I should have known but we haven't done a nice long walk like this in awhile. We did a mix of run/walk while I was riding my bike. Did 2.5 miles roughly the normal amount. Towards the end I realized he was tired. A little while later he was limping a bit. I figure he's sore and just tired from lack of this type of exercise. 

I feel like crap to say the least. He's my baby. I was thinking of giving him some aspirin (5mg per pound) for the night so he can be out of pain. Doesn't seem to be bugging him or anything.


----------



## Oaklys Dad (Dec 28, 2005)

Your boy is probably just a bit sore. I try not to worry too much about limps unless they last for more than a few days. I've seen them often in my years of keeping company with goldens and letting them run on the terrain I let them run on. Keep him quiet for a while and I'm sure he will be ready to roll soon. Pavement is hard on puppy bones so the next time out try to stay away from the hard stuff.


----------



## Bender (Dec 30, 2008)

At what age did you start biking with him like this?

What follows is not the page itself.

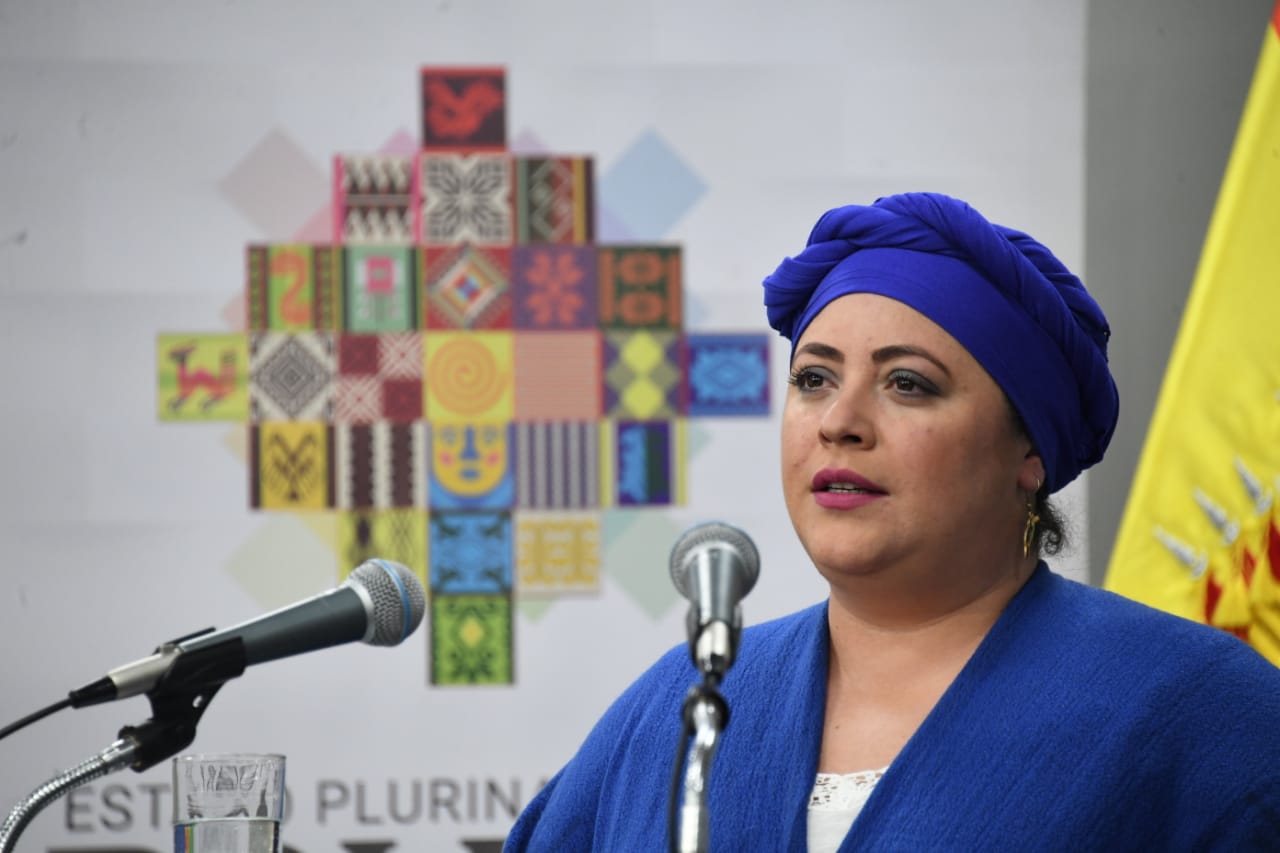 La ministra de la Presidencia, María Nela Prada, en conferencia de prensa en la Casa Grande del PuebloShareTwittearshare with Whatsappshare with Telegram FOTOS: Josue Cortez / Viceministerio de ComunicaciónAnteriorSiguiente

I would not bike/run/jog a dog under the age of 18 months at the very youngest, it is very hard on their joints. You may want to have him xrayed to see if he has hip or elbow displasia or some other joint issue that you should know about. 

In the meantime, no walks, runs etc. till he stops limping and then rest him for the same amount of time - so if you rest him for two days and he stops limping, rest him for another two days. And call the vet to have him checked out, if there aren't any issues wait till he's 18 months and have his hips and elbows cleared and then slowly build up the workouts each time if he's not used to it. 

My two aren't used to roadwork right now, so we're doing walks and will slowly add in the bike and more of a workout a bit at a time, just to be safe.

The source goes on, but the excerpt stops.